Broccoli Noodle Bake
|Margarine/Butter||1⁄2 Cup (8 tbs)|
|Onion||1 , peeled and chopped|
|Green bell pepper||1 , seeded and chopped|
|Celery ribs||4 , chopped|
|Frozen chopped broccoli||20 Ounce, thawed (2 packages, 10 ounces each)|
|Spaghetti||8 Ounce, uncooked|
|Cheddar cheese||12 Ounce, grated (about 2 cups), divided|
|Canned condensed cream of mushroom soup||21 1⁄2 Ounce, undiluted (2 cans, 10-3/4 ounces each)|
|Milk||60 Milliliter (1/2 soup can)|
|Canned mushrooms||4 Ounce, drained (1 can, whole or sliced)|
Melt margarine in a large saucepan; saute onion, green pepper and celery.

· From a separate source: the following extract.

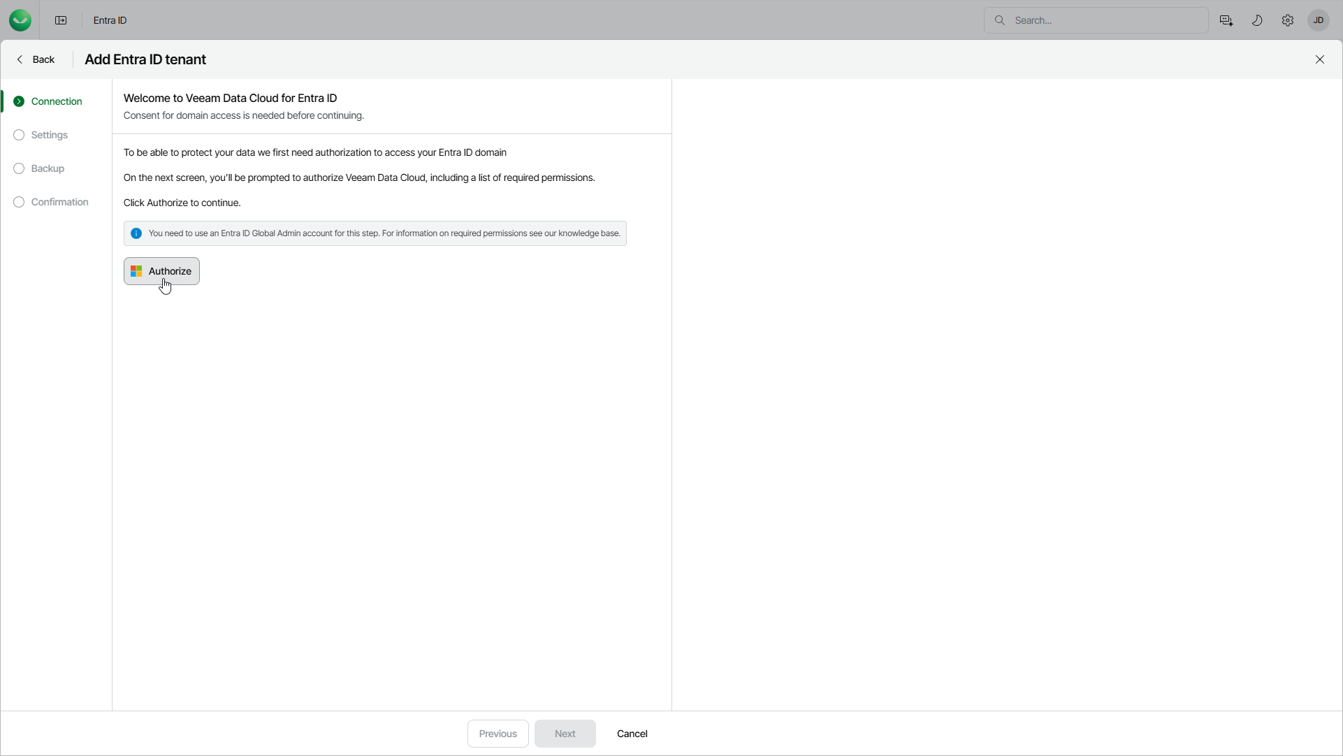 At the Connection step of the wizard, log in to the Microsoft 365 account of your customer to authorize Veeam Data Cloud to access the Microsoft Entra ID tenant of your customer. Before authorization, make sure your Veeam Data Cloud account has permissions that are required for adding, backing up and restoring of the customer tenant. For details, see Permissions.

Put broccoli on top; cover and simmer 5 to 10 minutes.
Meanwhile, cook spaghetti according to package directions; drain.
In a buttered 3-quart casserole dish, layer spaghetti, vegetable mixture and three-fourths of the cheese.
In a small bowl, combine soup and milk; pour over mixture in dish.
Spread mushrooms on top.
Sprinkle remaining cheese on mushrooms.
Bake in a preheated 350-degree oven 35 to 45 minutes, or until hot and bubbling.